UX Data-Driven Designs

At the time of a website creation, many designers make the mistake of just caring about aesthetics. They have a formed opinion of what is nice to have and what is not and they just apply it systematically. 

 

Later on, after months of wondering why they aren't creating enough engagement, they discover that the users don’t interact with the elements of the website as they would expect.

 

That is why data-driven designed websites are a must nowadays. They let us understand from early days what the problematic areas of our website are, so that we can solve them before it is too late. Today, we will talk about data-driven designs and how to get the most of it.

What is Data-driven? 

To be data driven means basically that we make our decision based on data. We are not trusting our guts anymore, but create a set of hypotheses that later we can test and compare through data. 

Being data-driven allows you to forget all the egos at the decision-making process and counter attack the HiPPO effect (highest paid person’s opinion). HiPPO effects describe how we tend to follow the advice of a person because of the title they have rather than the idea.

Of course, being data-driven is a perfect set of mind to reach to the best solution in every single case, and that’s why most successful companies are embracing it on its culture.

Data-driven design

Pros and cons of data-driven culture

By adopting a data-driven culture, we no longer base our execution on bold guesses, but we let the user have the final word. Based on it, we can discover the parts of our business that are not working as expected or that are becoming a bottleneck for growth.

 

This way, we can find the root of our problems and can solve them way faster and more efficiently than any other way.

 

Of course, such a great set of mind has to be used with some caveats. The cons of a data-driven approach could be summed up in the difference between being data-driven and data-informed. 

 

While data-driven means that data has the final say about anything, data-informed means that there is a human at the end of the process that collects all the data and the metrics available, and with that information makes the decision.

 

This is an important difference, since in order to be a data-driven company we need to have many considerations while using the data:

 

  • Sometimes, the metrics chosen for the experiment do not represent exactly the problem that we want to solve. So by optimizing them we might not optimize our root problem.

 

  • We might be handling different metrics at the same time. The perfect metric for a problem is really hard to find, we can track multiple issues at once, and with every single metric in mind, make our decisions.

 

  • The data we collected might not be significant enough. Imagine that we create 2 web designs and apply A/B testing to them but we do not get enough traffic to be statistically significant. We need to understand that those metrics should be taken away from the equation and decision-making process.

Data-driven design

In terms of website design, UX data-driven design means to make the decision based on the data of your users while they interact with your site. This is achieved by measuring how they behave with the elements of your website. There are a whole set of tools for this, such as usability testing, user personas, eye-tracking...

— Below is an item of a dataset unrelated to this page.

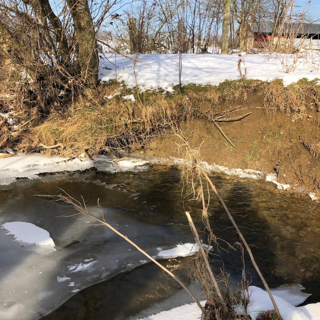 Winter can be a great time to visit potential stream projects. With no leaves on the trees and other vegetation dead or dormant it’s easier to see the streambanks and what’s going on. Snow on the ground or ice on the stream stop the visits.
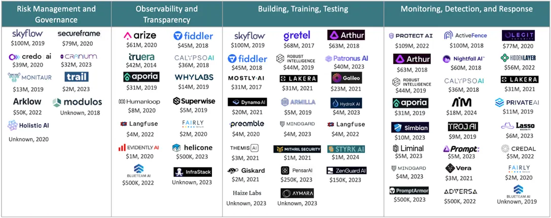 We are already seeing a massive influx of venture capital investment in the space.. Given the nascent stage of the industry, seed stage investments have been the most active. So far in 2024, there have been at least 10 early-stage companies funded: illumex, Simbian, EdgeRunner AI, TrojAI, Liminal AI, Trail, Almanax, Verax AI, FairNow, Apex.

Data-driven design: how to

As for any other data-driven approach, a data-driven design has to start by finding the right metric to follow. Good news is that for a website, this is more simple to achieve than for other data projects. 

 

There are 2 metrics that are usually good North Star metrics:

 

  • Amount of traffic at your site.

  • Conversions (click ratio of the CTA)

 

The first let you maximize the total amount of traffic at your site, while the second how many conversions can be achieved from that traffic.

Vanity metrics vs actionable metrics

I would like to stress out the importance of normalizing the metric vs following the total amount of conversions to measure success. By normalizing a metric, that means, for example, divide the amount of traffic my week or dividing the number of clicks at you CTA by amount of visitors, we obtained actionable metrics.

 

Measuring your success in volume numbers can lead to misinterpretation of those metrics. If the number of clicks at your CTA is low, it can be because you don’t have a lot of traffic, or because your website design is not engaging enough, but you will not be able to tell the difference.

 

On the other hand, a proper data-driven design measures success with actionable metrics, that allows you to compare the progress you make from one month to another and illustrates which part of the funnel is becoming the bottle neck.

 

CTAs

Of course the CTA we have will make a difference too. If the journey is hard or long for our user, and yet they complete the whole journey, that lead will have more quality than another obtained from a simpler CTA. You don’t want your CTA to be extremely hard, or nobody will get to the next phase of your funnel.

User behaviour 

In order to get the most of our data-driven website, we will need to measure different aspects of it, that can be the total amount of traffic, user engagement, user behaviour… 

 

The amount of traffic and the user engagement (conversion rates) can be classified as outcome metrics. These metrics treat the web design as a black box and only compare the results of changing parts of it. However, in order to understand the process to get that outcome, we need to look at the user behaviour.

 

To deeply understand the user behavior at our site, we need to go a bit further from conversion rates and CTAs clicks. In order to measure user behavior, heatmaps are the best tool. Check out our last blog about different kinds of heatmaps if you still don’t know all the different ones. 

data-driven design - website heatmap

By looking at heatmaps, we can understand the behaviour of the user in our website as a whole, and not just try to figure out how to improve our conversions by random AB testing.

 

Heatmaps are usually considered as qualitative metrics. However, we can obtain quantitative metrics from heatmaps if we are able to calculate the amount of attention our users place in a specific area of our website.

 

At Kemvy, we focus on predictive heat maps that allow you to understand how the user will behave at your site instantly.

Final check list

Alright! Now that we have the understanding about data-driven designs, it’s your turn to put it into practice. A quick checklist to do at your site:

 

  • Are you measuring exactly what you want to optimize?

  • Are those metrics actionable ones and isolated from other factors?

  • Is the effort required for the user at your CTA the correct one?

  • Do you understand what is going on inside your website, so that you know how to improve your metrics?

 

If you already have all of them, congratulations, you are on the right path. Otherwise, you have work to do, good luck!